The Barbican has announced its 2011-12 season; click here for full details. Immediately standing out is a celebration of Beethoven, for which it is always the right time. Many will enthuse about the prospect of a symphony cycle from the Leipzig Gewandhaus Orchestra and Riccardo Chailly; I have only heard Chailly in Beethoven once and found the results irredeemably dull, glaringly contrasted with excellent Brahms in the same concert. Still, I am sure there will no difficulty in attracting an audience. Sir Colin Davis, the LSO, and Mitsuko Uchida continue their survey of the piano concertos; I cannot (yet) bring myself to feel enthusiasm for the accompanying Nielsen symphonies, but perhaps they will prove worth another try. I wish we were hearing the Beethoven symphonies from Davis instead though.
The Vienna Philharmonic, the greatest orchestra in the world - at least when it decides to be - appears with Sir Simon Rattle in Brahms, Webern, and Schumann. Other visiting orchestras include a number of concerts from the New York Philharmonic under Alan Gilbert and the Royal Concertgebouw under Mariss Jansons (an all-Strauss programme) and Bernard Haitink (Bruckner's Fifth Symphony). Haitink will also conduct the LSO in two highly attractive programmes: the first of Purcell (yes, you read that correctly), Mozart (with Maria João Pires), and Schubert; the second of Purcell (again), Mozart (again with Pires), and (again) his beloved Bruckner. Both concerts would seem absolute musts to me.

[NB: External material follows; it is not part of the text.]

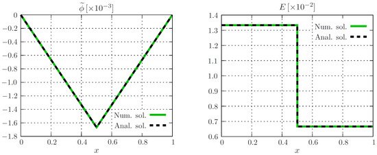 The maximum of this objective function can be found by means of the gradient descent method. The gradients of the objective with respect to the weights p that are needed for such an iterative solver can be computed using Equation (15). We then have everything at hand to carry out the first numerical example. As for the ANN architecture, we use an SLP with neurons in the hidden layer. As for the activation function, the logistic sigmoid function is chosen, and the weights and biases p are randomly initalized with a uniform distribution between 0 and 1. Figure 3 shows the result of the numerical experiment (green) compared to the analytical results (black). One can see that the numerical scalar electric potential is close to the analytical solution. However, having a look at the gradients in the form of E reveals the occurrence of oscillations around the discontinuity. The MATLAB [34] code that generates these results can be found in Appendix A. Note that the tolerances for the step size and the optimality as well as the maximum number of function evaluations and iterations is set different from the MATLAB [34] default values to obtain reasonable results. One might decrease the oscillations by having even higher iteration numbers. However, the jump in the solution at the vicinity of the material jump cannot be captured by the global smooth neural network function. The more neurons we use, the better accuracy we obtain, which leads to a trade-off between accuracy and speed.

Pianists include Evgeny Kissin and Murray Perahia, programmes yet to be announced, and Martha Argerich as concerto soloist, in a work again yet to be announced. Joshua Bell will also visit - again in a programme to be announced.
There is much else of interest, even for fellow curmudgeons. A rarity immediately leaping out is Honegger's Jeanne d'Arc au bûcher (LSO/Marin Alsop). Fellow Zemlinsky-lovers and the merely curious will surely welcome a performance of Die Seejungfrau (LSO/Xian Zhang). The latest violinist to turn conductor, Nikolaj Znaider, conducts the LSO for the first time. After this year's - and last's - glut of Mahler, Semyon Bychkov leading the same orchestra in the Third Symphony still sounds promising. Still more enticing is a return from Pierre Boulez, in two programmes: one of Debussy, Szymanowski (with Christian Tetzlaff), and Scriabin's Poem of Ecstasy; the second of Bartók (Znaider as violinist this time) and more Szymanowski (the Third Symphony).
I was delighted to see a visit to the Barbican Theatre from Opera North, presenting The Queen of Spades - and there is much more Tchaikovsky to be heard from Valery Gergiev. A mini-'Stravinsky Festival' also augurs well: alas no late Stravinsky, but that in any case might not really be Gergiev's thing. Gergiev will also lead his Mariinsky forces in a concert performance of Parsifal. His Ring seemed to find few if any complimentary voices, though some have spoken well of his Parsifal recording. Who knows...? A far surer bet, I suspect, will be Sir Colin leading the LSO in a concert performance of that echt-Romantic work far too long absent from London stages, Der Freischütz. A must for me at any rate.
Simon Keenlyside singing the title-role in Mendelssohn's Elijah should rightly attract a keen audience. Another great oratorio, The Dream of Gerontius, will resound under the direction of the excellent Andris Nelsons.
The BBC Symphony Orchestra, rarely heard to best advantage under its present Principal Conductor (from whom, you guessed it, yet more Czech music), welcomes back David Robertson in an intriguing combination of Stravinsky's Symphony of Psalms and Messiaen's Turangalîla-Symphonie. Another conductor who has tended to bring out the best from the orchestra, Oliver Knussen, presents a mouth-watering concert, which will include the world premiere of a work by Alexander Goehr and the British premiere of Niccolò Castiglioni's Concerto for Orchestra. Another British premiere from the orchestra, this time under Martyn Brabbins, will be of Jonathan Harvey's Wagner Dream.